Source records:
══════════════════════════════

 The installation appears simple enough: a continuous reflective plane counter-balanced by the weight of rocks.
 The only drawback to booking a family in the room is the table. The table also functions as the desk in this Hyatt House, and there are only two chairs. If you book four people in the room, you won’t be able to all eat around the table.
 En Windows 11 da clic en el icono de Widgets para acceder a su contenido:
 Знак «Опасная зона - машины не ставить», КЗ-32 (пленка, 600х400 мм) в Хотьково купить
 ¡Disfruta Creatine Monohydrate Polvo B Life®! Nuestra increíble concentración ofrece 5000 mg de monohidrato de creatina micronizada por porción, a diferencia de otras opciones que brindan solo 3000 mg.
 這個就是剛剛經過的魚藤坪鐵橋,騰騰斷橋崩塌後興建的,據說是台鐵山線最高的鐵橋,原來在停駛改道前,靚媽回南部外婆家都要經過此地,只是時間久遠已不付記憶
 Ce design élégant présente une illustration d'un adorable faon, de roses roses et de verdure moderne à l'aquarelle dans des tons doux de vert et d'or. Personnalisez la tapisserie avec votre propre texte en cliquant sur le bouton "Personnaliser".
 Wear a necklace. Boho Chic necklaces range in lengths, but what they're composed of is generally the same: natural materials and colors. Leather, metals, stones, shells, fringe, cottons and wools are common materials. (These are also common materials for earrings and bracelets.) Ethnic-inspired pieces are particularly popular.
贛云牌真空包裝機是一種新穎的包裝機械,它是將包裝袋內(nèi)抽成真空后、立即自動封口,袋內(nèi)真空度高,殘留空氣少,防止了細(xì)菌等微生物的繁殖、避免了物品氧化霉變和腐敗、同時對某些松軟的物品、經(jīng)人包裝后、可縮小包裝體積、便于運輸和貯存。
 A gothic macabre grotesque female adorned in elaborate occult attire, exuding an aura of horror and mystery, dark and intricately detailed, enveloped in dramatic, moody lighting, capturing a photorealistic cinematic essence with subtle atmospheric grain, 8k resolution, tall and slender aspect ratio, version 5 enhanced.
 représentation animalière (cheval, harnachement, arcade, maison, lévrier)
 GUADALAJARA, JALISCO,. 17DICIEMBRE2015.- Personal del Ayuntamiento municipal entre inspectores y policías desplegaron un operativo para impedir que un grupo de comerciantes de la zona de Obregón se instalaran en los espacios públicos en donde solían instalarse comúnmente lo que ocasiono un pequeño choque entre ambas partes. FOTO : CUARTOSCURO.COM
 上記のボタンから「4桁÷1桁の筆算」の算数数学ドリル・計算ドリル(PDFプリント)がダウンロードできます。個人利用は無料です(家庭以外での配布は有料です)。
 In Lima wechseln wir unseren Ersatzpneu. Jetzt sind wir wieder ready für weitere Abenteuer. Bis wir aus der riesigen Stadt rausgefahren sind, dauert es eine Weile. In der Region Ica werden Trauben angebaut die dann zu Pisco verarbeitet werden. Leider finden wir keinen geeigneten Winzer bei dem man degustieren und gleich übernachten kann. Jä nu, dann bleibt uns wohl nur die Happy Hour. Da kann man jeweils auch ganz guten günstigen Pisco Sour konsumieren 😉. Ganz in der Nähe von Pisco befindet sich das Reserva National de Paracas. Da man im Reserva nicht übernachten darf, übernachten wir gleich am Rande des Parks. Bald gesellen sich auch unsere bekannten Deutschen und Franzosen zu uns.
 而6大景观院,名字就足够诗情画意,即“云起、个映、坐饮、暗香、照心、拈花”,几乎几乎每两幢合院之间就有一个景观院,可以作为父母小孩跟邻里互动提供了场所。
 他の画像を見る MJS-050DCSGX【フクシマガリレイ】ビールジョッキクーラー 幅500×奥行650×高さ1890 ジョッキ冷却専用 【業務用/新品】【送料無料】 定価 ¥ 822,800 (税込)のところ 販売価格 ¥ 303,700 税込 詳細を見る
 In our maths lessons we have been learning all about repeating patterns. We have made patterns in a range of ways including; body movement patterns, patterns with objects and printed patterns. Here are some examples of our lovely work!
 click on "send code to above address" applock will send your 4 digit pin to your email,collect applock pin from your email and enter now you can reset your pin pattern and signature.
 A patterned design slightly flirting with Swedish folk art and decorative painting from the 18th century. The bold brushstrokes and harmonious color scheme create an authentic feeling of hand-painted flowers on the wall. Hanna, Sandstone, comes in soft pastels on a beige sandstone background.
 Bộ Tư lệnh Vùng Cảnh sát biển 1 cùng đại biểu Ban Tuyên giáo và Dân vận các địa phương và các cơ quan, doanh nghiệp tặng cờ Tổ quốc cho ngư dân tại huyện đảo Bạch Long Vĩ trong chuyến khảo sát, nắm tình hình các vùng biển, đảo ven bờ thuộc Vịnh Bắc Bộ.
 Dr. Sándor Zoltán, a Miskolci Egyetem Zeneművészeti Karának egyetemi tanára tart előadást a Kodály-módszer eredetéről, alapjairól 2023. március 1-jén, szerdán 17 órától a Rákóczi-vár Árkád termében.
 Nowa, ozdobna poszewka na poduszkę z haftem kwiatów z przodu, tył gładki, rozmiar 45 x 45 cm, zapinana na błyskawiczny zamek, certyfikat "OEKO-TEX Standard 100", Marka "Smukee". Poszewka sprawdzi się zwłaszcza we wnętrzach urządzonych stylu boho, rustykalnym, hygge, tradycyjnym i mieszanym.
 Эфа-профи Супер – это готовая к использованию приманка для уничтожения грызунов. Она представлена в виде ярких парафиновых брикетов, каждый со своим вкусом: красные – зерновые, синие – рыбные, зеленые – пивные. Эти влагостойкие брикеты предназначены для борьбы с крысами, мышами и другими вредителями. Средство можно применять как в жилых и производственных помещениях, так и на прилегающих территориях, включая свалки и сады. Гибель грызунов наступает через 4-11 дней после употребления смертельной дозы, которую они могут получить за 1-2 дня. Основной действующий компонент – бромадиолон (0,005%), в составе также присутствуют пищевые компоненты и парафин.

══════════════════════════════

Your assignment:
Using the entries above, return exactly the lines from the line with "In our maths" to the line with "pattern and signature.", counting both of those lines.

Output of the exercise:
 In our maths lessons we have been learning all about repeating patterns. We have made patterns in a range of ways including; body movement patterns, patterns with objects and printed patterns. Here are some examples of our lovely work!
 click on "send code to above address" applock will send your 4 digit pin to your email,collect applock pin from your email and enter now you can reset your pin pattern and signature.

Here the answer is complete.